Different models have been tested to compare them and use the best one for this use case. You can find the list of models below in the section *5. Models*. For the training of each model, hyperparameters like alfa and others for each own model have been optimized. Before the training of each of the models feature data has been normalized.

The scoring methods used to evaluate the performance of the models are the **MSE** and the **R-squared** values, used to quantify the error rate and the accuracy rate of the models respectively.

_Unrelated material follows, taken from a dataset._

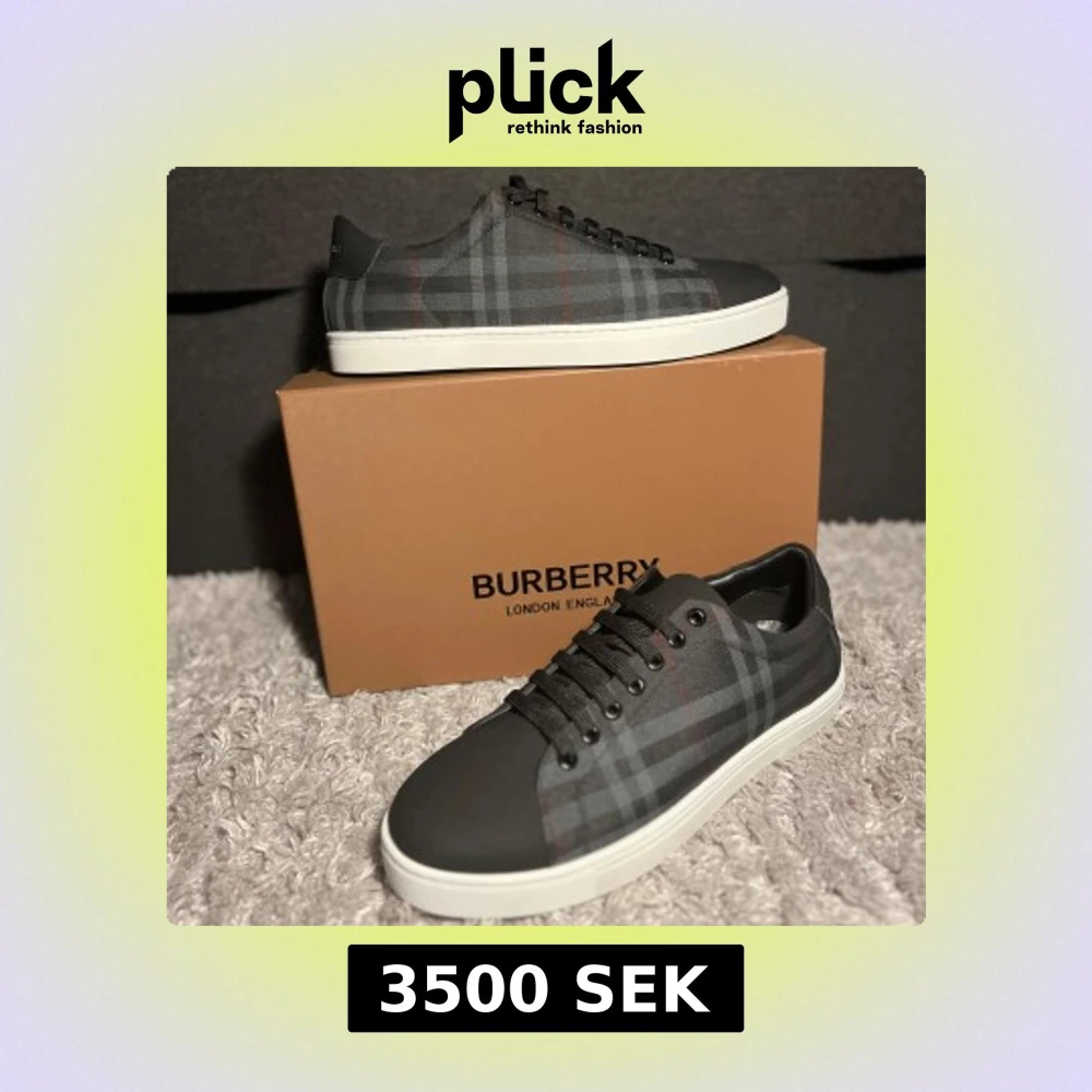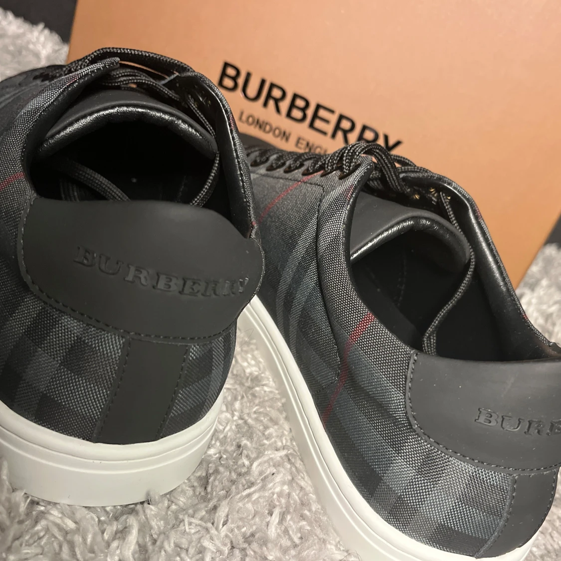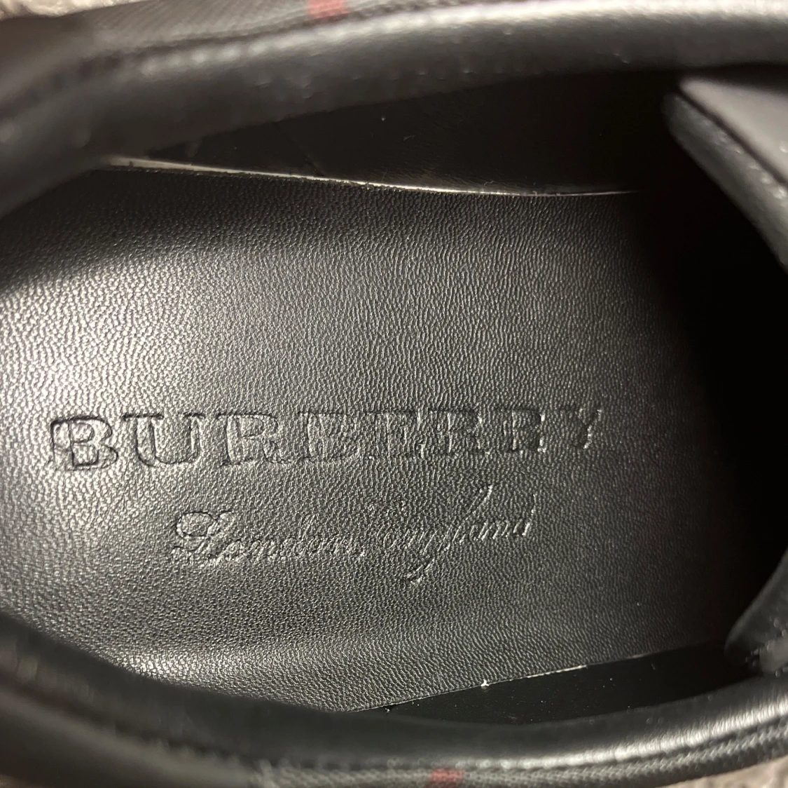Snygga sneakers från Burberry med klassiskt rutigt mönster i grått och svart. Skorna har en vit sula och svart snörning. Perfekta för en stilren look.

## 3. Data used for Training and Feature extraction
The data used for training the different models can be found [here](https://cqllab.upc.edu/lal/universal-dependencies/). The data received are multiple rooted trees, one line per sentence. A part of this project concerns the transformation from a rooted tree to a free tree.
### 3.1 List of Languages
| | | | | |
| -------- | -------- | -------- | -------- | -------- |
| Arabic | French | Indonesian | Portuguese | Turkish |
| Chinese | Galician | Italian | Russian | |
| Czech | German | Japanese | Spanish | |
| English | Hindi | Korean | Swedish | |
| Finnish | Icelandic | Polish | Thai | |
### 3.2 Features Extracted
| Feature Name | Brief Description |
| -------- | -------- |
| vertex_degree | Number of vertices connected to a vertex. |
| avg_distance | Mean distance from the vertex to all the other vertices of the sentence. |
| is_center | If the vertex belongs to the center of the "graph" of the sentence. |
| is_centroidal | If the vertex belongs to the centroid of the "graph" of the sentence. |
| phrase_length | Length of the sentence to which the vertex belongs. |
| betweenness_centrality | Number of times a vertex happens to be in the shortest path between two other vertices. |
| closeness_centrality | Reciprocal of avg_distance. |
| eigenvector_centrality | Measure to quantify the influence of a vertex, also considers its neighbor's influence. |
| average_neighbor_degree | Mean of the degrees (vertex_degree) of the adjacent vertices of a vertex. |
| eccentricity | Maximum distance from one vertex to another in the graph. |
| diameter | Maximum value for eccentricity. |
| in_diameter | Indicates whether the vertex can be found within the diameter. |
| radius | Minimum value for eccentricity. |
| weiner_index | Sum of distances between all the pairs of vertices inside the graph. |

## 4. Analysis of Features
These plots have been created to determine the influence of each feature. Keep in mind that this mostly applies to **Linear Correlation**, so there may be other relations that we are not aware of and that we can not see using these plots.

Only the most relevant features are shown in this section, but for more information go to section *9.1 Tables and Plots for Descriptive and Distribution Analysis of the data*.

### 4.1 Descriptive and Distribution Analysis
The table to do the descriptive analysis of these features is in section 9.1. As we can see, the sentences are quite long as the average of the feature phrase length is 22.26 and the maximum is 70. As for the diameter the average is 7.69, meaning that words close to each other in the sentence are normally related. The feature betweenness centrality shows that vertices are not usually part of a shortest path between two other vertices, but when it does happen these vertices have a heavy weight in the decision of what the root of the tree is.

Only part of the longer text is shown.